Jacobians $\mathbb{F}_q$-isogenous to the direct square of an ordinary elliptic $\mathbb{F}_q$-curve of $j$-invariant $0$

Question

Consider an ordinary elliptic curve $E_b\!: y^2 = x^3 + b$, of $j$-invariant $0$ over a finite field $\mathbb{F}_q$, such that $\sqrt{b} \not\in \mathbb{F}_q$.

Question. What are some examples of hyperelliptic $\mathbb{F}_q$-curves $C$ of geometric genus $2$ whose Jacobians $J_C$ are $\mathbb{F}_q$-isogenous to the direct square $E_b^2$?

Answer 1

Edit: this answer originally ignored an important twist.

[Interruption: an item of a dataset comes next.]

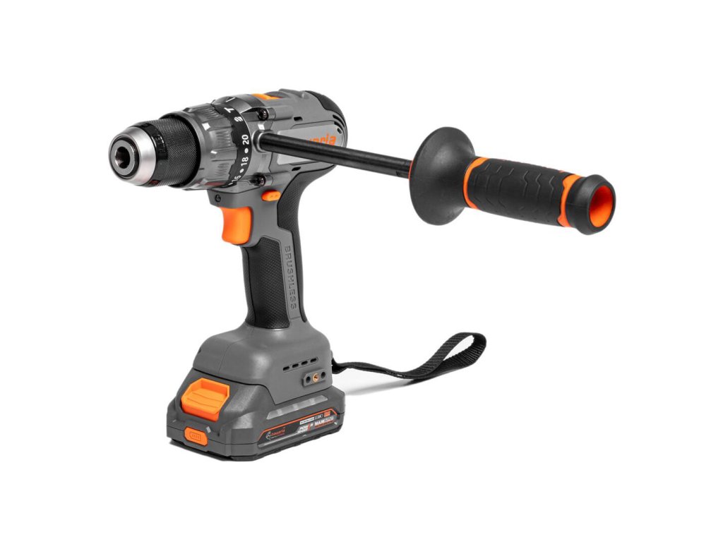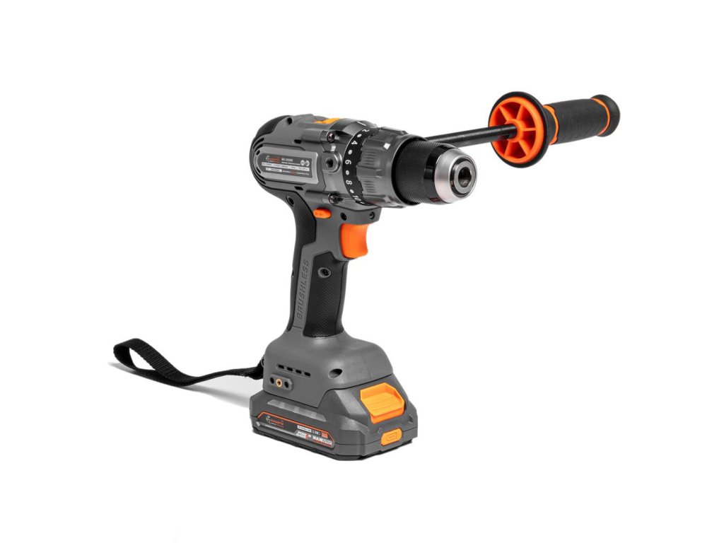 - Výkonná akumulátorová 2-rýchlostná príklepová vŕtačka napájaná 18V batériou

Take $C: y^2 = x^6 + b$. There is a $(2,2)$-isogeny $J_C \to E_b\times E_{b^2}$ with kernel corresponding to the factorization $\{x^2 - \beta_1, x^2 - \beta_2, x^2 - \beta_3\}$ of $x^6 + b$, where the $\beta_i$ are the roots of $x^3 + b$. While these $\beta_i$ may only be defined over some extension of $\mathbb{F}_q$, the set of factors is rational over $\mathbb{F}_q$, and therefore the isogeny is defined over $\mathbb{F}_q$. The curve $E_{b^2}$ is a cubic twist of $E_b$, so if $b$ is a cube in $\mathbb{F}_q$ then you can compose to get an $\mathbb{F}_q$-isogeny to $E_b^2$.

I think a good reference for the isogeny construction (over number fields) is Section 3 of Howe, Leprevost, and Poonen's Large torsion subgroups of split Jacobians of curves of genus two or three.